Hi I'm new here and looking for advice. I have a Matthews Solo Cam bow I bought use at a great price. I love shooting my bow. However, I really haven't shot it in over a year (don't worry I didn't even think of hunting with it this season). As I think about prepping I'm not sure that it would be a useful. If all my arrows end up getting bent I'm hosed (btw never shot a wooden arrow in a compound bow). I'm thinking of trying to trade it for a Ruger 10/22 and an AK/SKS. Or, should I just stock up on arrows (I do have a good selection of firearms except a 22 rifle). Thoughts, opinions, insight will be appreciated.


----------



## LincTex (Apr 1, 2011)

Bows have their place. I have a PSE Fire-Flite I really like, and an older 80's Martin warthog as well. I don't think you can shoot wooden shaft arrows in anything with more than about 30-40 pounds draw weight. I have, but they swim through the air like a fish! However, you asked about "value". 

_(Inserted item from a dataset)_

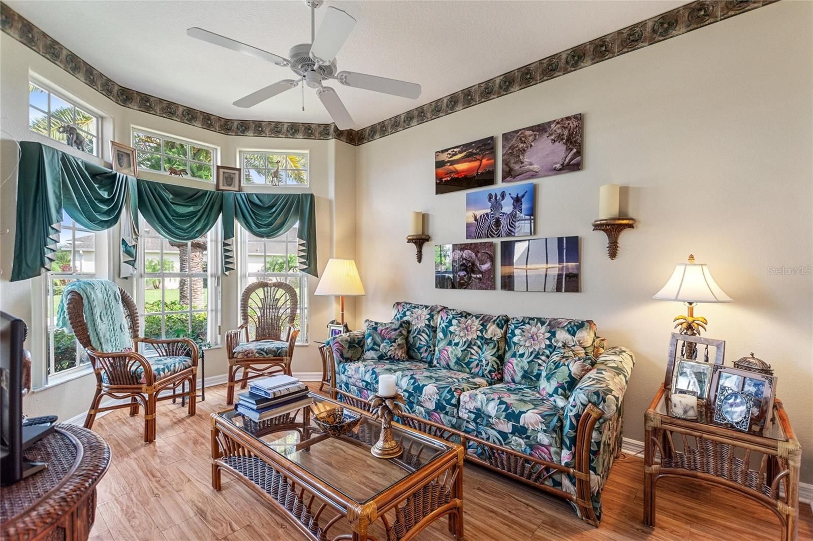 One or more photo(s) has been virtually staged. Mostly Furnished Water-Front RidgeBrooke 3/2/Family Room/Den model with a 481 SF west-facing Florida Room Overlooking the Pond between High Vista and Del Webb 55+ communities, located 0.2 miles from High Vista's private clubhouse and amenity center. List Price is below 2024 independent appraisal which also cited an effective age of this property as 8 years. Expanded brick paver driveway and walkway to the 8 FT leaded-glass double front doors with adjacent water fountain adorned by cherubs. 12 FT ceiling in central Great Room with 2 skylights and full-view patio doors to Florida Room with skylight and 3 walls of sun-shaded windows. Widened galley kitchen has solid wood cabinets, stainless-steel appliances, custom tile backsplash, solid-surface breakfast bar and countertops with seamless sink and a closet pantry. Adjacent family room with tray ceiling and dining area has western water view. 8 FT double doors to primary en suite bedroom with dual closets, tray ceiling and updated full bathroom with shower, linen closet and separate steam room. Split bedroom design offers privacy to guests with a full bath and linen closet between 2 guest bedrooms. Bay window elevation in front Den. Custom crown molding in many rooms. 2024 Water Heater. 2014 Roof. 2020 & 2013 HVAC units, both serviced annually. 4-Point Inspection dated 9/24/25 is available for view upon request. ALL COMPLETE WRITTEN OFFERS WILL BE PRESENTED TO SELLER ON 11/5/2025. Sold As-Is. Ridgewood Lakes is a golf cart friendly community. $230 monthly High Vista HOA fee includes Spectrum internet and basic cable TV with 2 cable boxes, lawn mowing and exclusive access to resident-owned 12,000 SF private High Vista clubhouse and amenities. $425 semi-annual Ridgewood Lakes HOA fee provides 24x7 staffed security gate and master association-owned private road maintenance. Adjacent to 18-hole White Heron Golf Club with The Nest restaurant, privately owned and open to the public. High Vista is a 55+ community with outdoor heated pool and spa, fitness center, library, pub & many organized activities. Pickle ball, tennis, bocce and shuffleboard courts. Miles of biking and walking trails within Ridgewood Lakes gated community. Shopping, Disney, Universal, Orlando & Central FL entertainment nearby, easy access to I-4, medical facilities, airports & Sunrail Station. Advent Health hospital is 3 miles away.

For REAL value, I would sell it outright and buy a nice used Marlin model 60 for $75 and spend the rest on 550 packs of .22LR ammo!


----------



## ONEOLDCHIEF (Jan 5, 2012)

grizz270 said:


> Hi I'm new here and looking for advice. I have a Matthews Solo Cam bow I bought use at a great price. I love shooting my bow. However, I really haven't shot it in over a year (don't worry I didn't even think of hunting with it this season). As I think about prepping I'm not sure that it would be a useful. If all my arrows end up getting bent I'm hosed (btw never shot a wooden arrow in a compound bow). I'm thinking of trying to trade it for a Ruger 10/22 and an AK/SKS. Or, should I just stock up on arrows (I do have a good selection of firearms except a 22 rifle). Thoughts, opinions, insight will be appreciated.

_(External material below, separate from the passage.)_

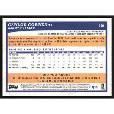 This is a 2018 Topps Big League Carlos Correa baseball card. The card is #200 and pictures show condition.

Simple answer is NOOOOOOO!!!

If you do not want it anymore, sell it out right. Ruger 10/22 cost 200.00 dollars. How much is your Bow worth?

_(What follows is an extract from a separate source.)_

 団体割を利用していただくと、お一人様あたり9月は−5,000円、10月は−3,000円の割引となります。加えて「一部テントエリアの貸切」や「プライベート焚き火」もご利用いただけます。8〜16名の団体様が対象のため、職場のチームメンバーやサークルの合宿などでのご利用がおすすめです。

If you keep it buy plenty of Arrows from Wal-Mart. You cannot shoot wooden Arrows because they will shatter, destroying you hand.


----------



## invision (Aug 14, 2012)

I personally would keep it, add 2 dozen more arrows and then get the 10/22 and 2-3k rounds.... Shouldn't cost you to much to do both...


----------



## mosquitomountainman (Jan 25, 2010)

Might think about selling the compound then getting a recurve. You can shoot any kind of arrow out of it. I wouldn't buy a top-price recurve. The extra cash doesn't really buy much in the way of performance. You should have enough money left to buy a 22 or more ammo for the firearms you already have or more arrows for the bow.

I've gone to recurves and self-bows and make my own arrows and broadheads.


----------



## JustCliff (May 21, 2011)

I would keep it. This is what I did.

http://www.preparedsociety.com/forum/f15/fishing-bow-9956/


----------



## grizz270 (Dec 6, 2012)

Thanks for the input everyone. I think I'll keep it and stock up on aluminum arrows


----------



## vellomike (Feb 7, 2012)

Actually you should buy carbon arrows they don't bend ,I've shot a cinder block with one with no problem and I am shooting at 70# .Sportsman's Guide has 'em a dozen for 60$ you'll lose them or wear out the fetching before they break


----------



## TNFrank (Dec 2, 2012)

A bow would be a great way to get meat for food during SHTF and with a razor arrow it'll cut through IIIa Kevlar like a hot knife through butter which may come in handy at some point in time after SHTF. I'd hang onto it.


----------



## Huntmaster (Dec 8, 2012)

Definately keep it! Buy carbon arrows though! Yes they are pricey, but, they are either straight or broke...I shoot a Matthews outback and am looking to upgrade to a newer model before next bow season starts! I would NEVER be without my Matthews!!


----------



## grizz270 (Dec 6, 2012)

Thanks again for input. As to carbon arrows I just don't like them, I've broken too many. I will most likely stock up on some but for the most part I'm going to go for aluminum. I will likely get an arrow straightener too for the long term.


----------